───── SUPPLIED DATA ─────

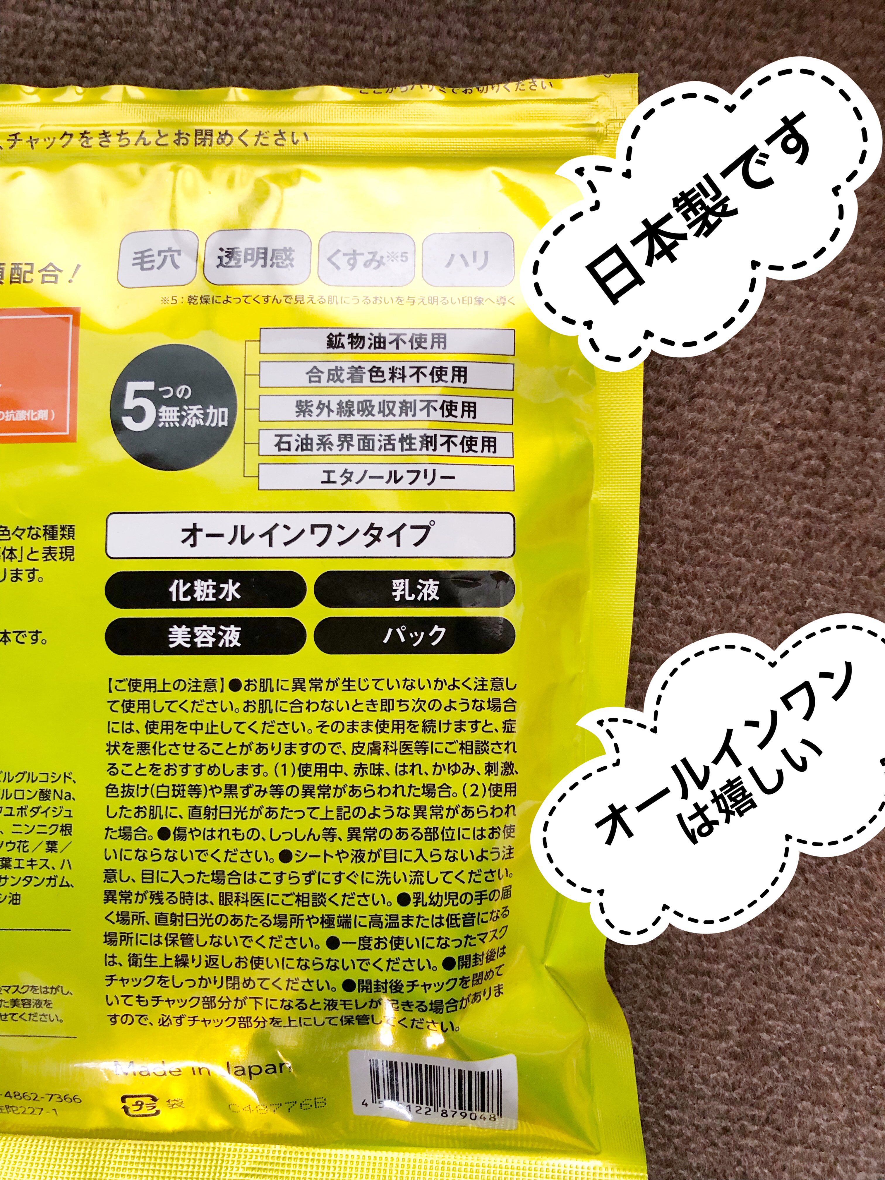 | スキンケアランキング第42位 | シートがみかん色でびっくり! とろっとろの液が含まれていて 貼り付けたらぴたーっとくっついてすごく気持ちいい! | 詳細を見る | |
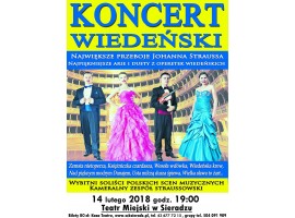 W środę 14 lutego w Teatrze Miejskim w Sieradzu odbędzie się koncert z udziałem solistów polskich i europejskich oper. Koncert programowo nawiązywał będzie do tradycyjnych gali i noworocznych koncertów, odbywających się w Wiedniu.
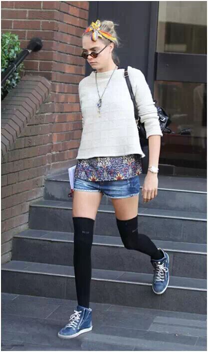 白色毛衫简单保暖,露出的印花内搭与头上发带呼应,牛仔短裤加上黑色长筒袜,卡拉·迪瓦伊(Cara Delevingne)的美腿一览无余!
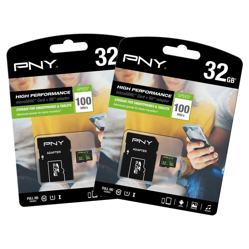 PNY High Performance Micro SD SDHC Memory Card Class10 100MB/s UHS-1 U1 with SD Adapter 32GB – VALUE 2 PACK
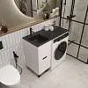 Тумба под раковину* Maid – элегантное решение "2-в-1", которое объединяет функциональность и стиль, позволяя гармонично разместить раковину и стиральную машину в ванной комнате. Белый цвет легко сочетается с другими цветами и стилями интерьера, предоставляя свободу в оформлении ванной комнаты. Акцентные опоры черного цвета гармонично дополнят ваш выбор: строгая графитовая или нежная белая раковина – для создания неповторимого стиля ванной комнаты.Характеристики:
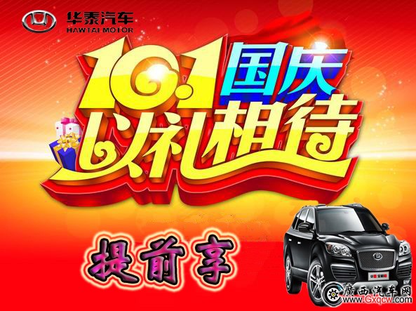 華泰汽車(chē)在十一黃金周來(lái)臨之際,特為廣大車(chē)友解決購(gòu)車(chē)煩惱,特推出“金秋國(guó)慶以禮相待提前享”,讓廣大消費(fèi)者盡享華泰汽車(chē)為您帶來(lái)的無(wú)限購(gòu)車(chē)樂(lè)趣與優(yōu)惠!
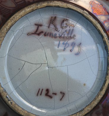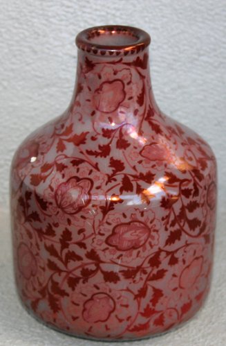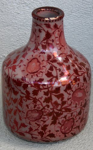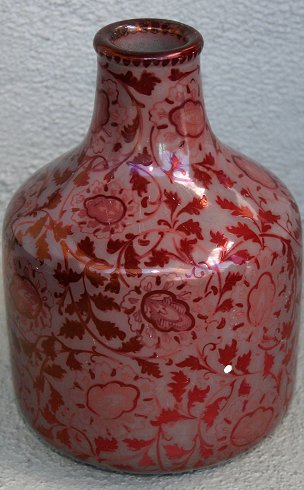 RARE AND UNUSUAL KELLER GUERIN INCISED PAISLEY DECORATED VASE: 8 1/2'' h., metallic raspberry luster and muted reds with a cream gun metal ground, underglaze marking KG Luneville, 1895, several abrasions and several nicks to the glaze, repairable.
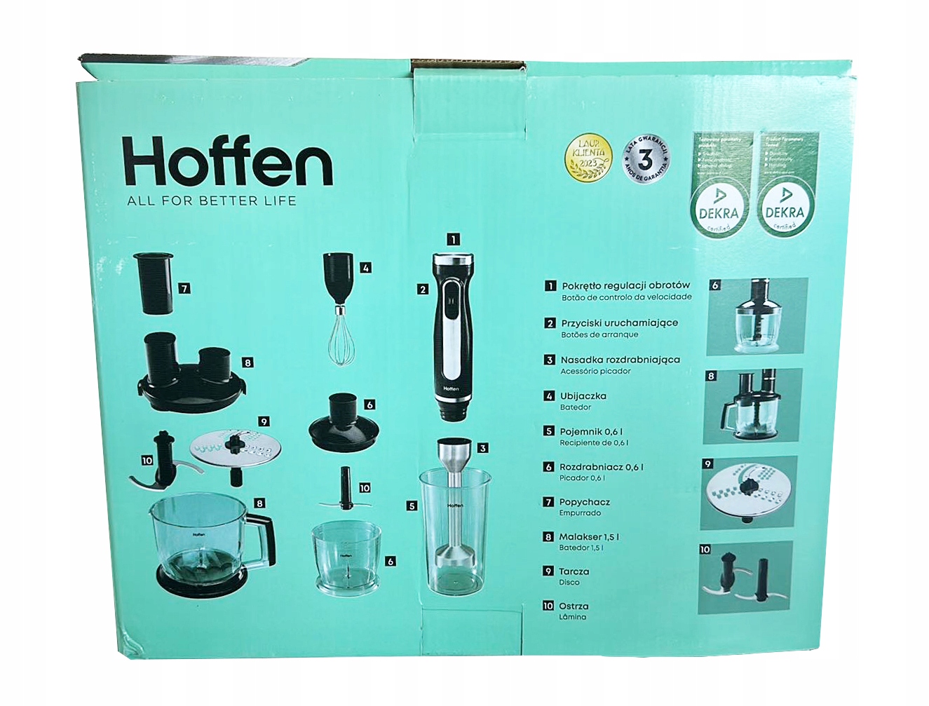Ручний блендер з Hoffen Blender оснащений блендером, який має різання ножів з високоякісної нержавіючої сталі, яка ідеально впорається з фрагментацією інгредієнтів на менші шматки. Він ідеально відповідає кожній руці, і матеріал, що не є, гарантує безпеку підтримки пристрою навіть при змішуванні найскладніших продуктів.
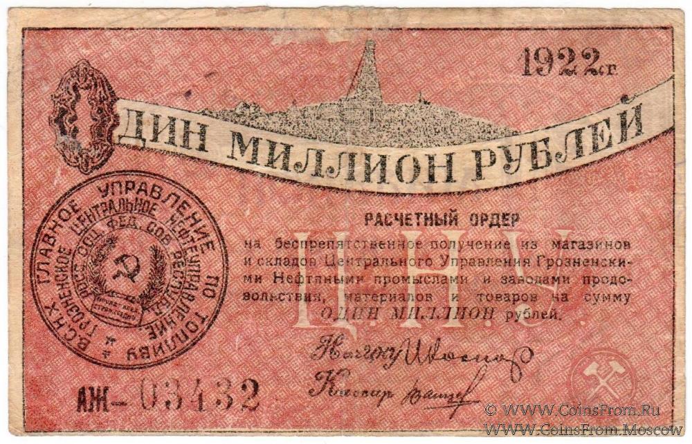 Расчетный ордер 1922 г. В.С.Н.Х. Главного управления по топливу. Грозненское центральное нефтяное управление. Грознефть.
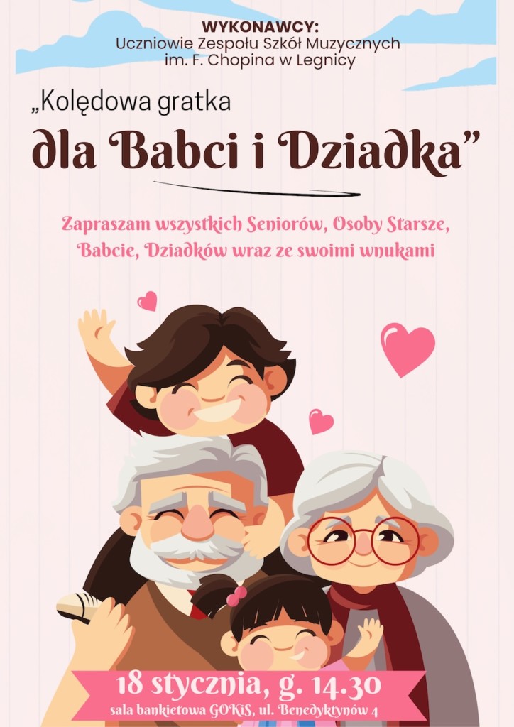 5. W niedzielę (18 stycznia) zapraszam wszystkich Dziadków, Babcie, wszystkich seniorów wraz ze swoimi wnukami na koncert „Kolędowa gratka dla Babci i Dziadka” w wykonaniu uczniów Zespołu Szkół Muzycznych im. F. Chopina w Legnicy przygotowanych przez panią Renetę Piskórz. Rozpoczynamy o godz. 14.30 w Sali bankietowej GOKiSu przy ul. Benedyktnów.
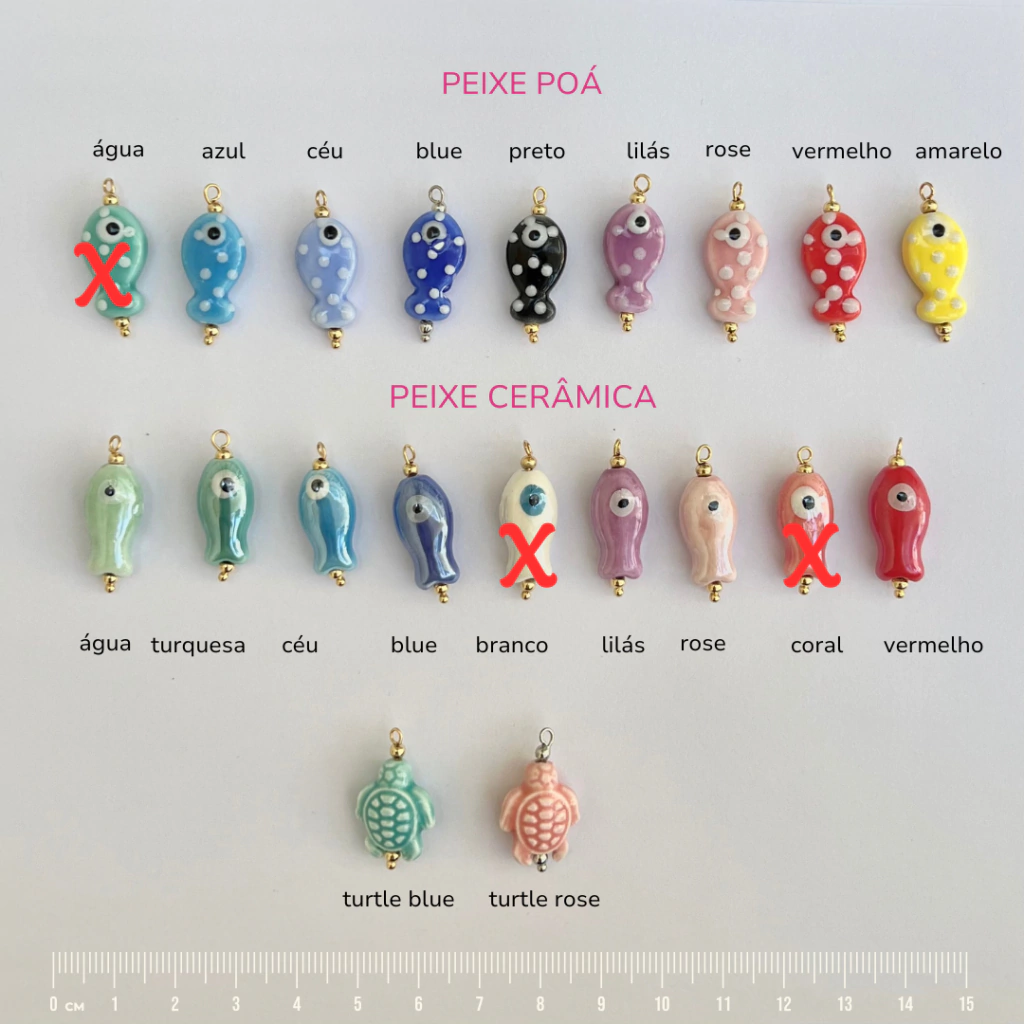2) Escolha os pingentes consultando as opções que estão na sequência das fotos do produto.

─────

§ **WHAT YOU WILL DO**
Nothing but the records, repeated exactly and stripped of pictures, should appear in the answer.

§ **EXERCISE OUTPUT**
 | スキンケアランキング第42位 | シートがみかん色でびっくり! とろっとろの液が含まれていて 貼り付けたらぴたーっとくっついてすごく気持ちいい! | 詳細を見る | |
 W środę 14 lutego w Teatrze Miejskim w Sieradzu odbędzie się koncert z udziałem solistów polskich i europejskich oper. Koncert programowo nawiązywał będzie do tradycyjnych gali i noworocznych koncertów, odbywających się w Wiedniu.
 白色毛衫简单保暖,露出的印花内搭与头上发带呼应,牛仔短裤加上黑色长筒袜,卡拉·迪瓦伊(Cara Delevingne)的美腿一览无余!
 PNY High Performance Micro SD SDHC Memory Card Class10 100MB/s UHS-1 U1 with SD Adapter 32GB – VALUE 2 PACK
 Тумба под раковину* Maid – элегантное решение "2-в-1", которое объединяет функциональность и стиль, позволяя гармонично разместить раковину и стиральную машину в ванной комнате. Белый цвет легко сочетается с другими цветами и стилями интерьера, предоставляя свободу в оформлении ванной комнаты. Акцентные опоры черного цвета гармонично дополнят ваш выбор: строгая графитовая или нежная белая раковина – для создания неповторимого стиля ванной комнаты.Характеристики:
 華泰汽車(chē)在十一黃金周來(lái)臨之際,特為廣大車(chē)友解決購(gòu)車(chē)煩惱,特推出“金秋國(guó)慶以禮相待提前享”,讓廣大消費(fèi)者盡享華泰汽車(chē)為您帶來(lái)的無(wú)限購(gòu)車(chē)樂(lè)趣與優(yōu)惠!
 RARE AND UNUSUAL KELLER GUERIN INCISED PAISLEY DECORATED VASE: 8 1/2'' h., metallic raspberry luster and muted reds with a cream gun metal ground, underglaze marking KG Luneville, 1895, several abrasions and several nicks to the glaze, repairable.
Ручний блендер з Hoffen Blender оснащений блендером, який має різання ножів з високоякісної нержавіючої сталі, яка ідеально впорається з фрагментацією інгредієнтів на менші шматки. Він ідеально відповідає кожній руці, і матеріал, що не є, гарантує безпеку підтримки пристрою навіть при змішуванні найскладніших продуктів.
 Расчетный ордер 1922 г. В.С.Н.Х. Главного управления по топливу. Грозненское центральное нефтяное управление. Грознефть.
 5. W niedzielę (18 stycznia) zapraszam wszystkich Dziadków, Babcie, wszystkich seniorów wraz ze swoimi wnukami na koncert „Kolędowa gratka dla Babci i Dziadka” w wykonaniu uczniów Zespołu Szkół Muzycznych im. F. Chopina w Legnicy przygotowanych przez panią Renetę Piskórz. Rozpoczynamy o godz. 14.30 w Sali bankietowej GOKiSu przy ul. Benedyktnów.
2) Escolha os pingentes consultando as opções que estão na sequência das fotos do produto.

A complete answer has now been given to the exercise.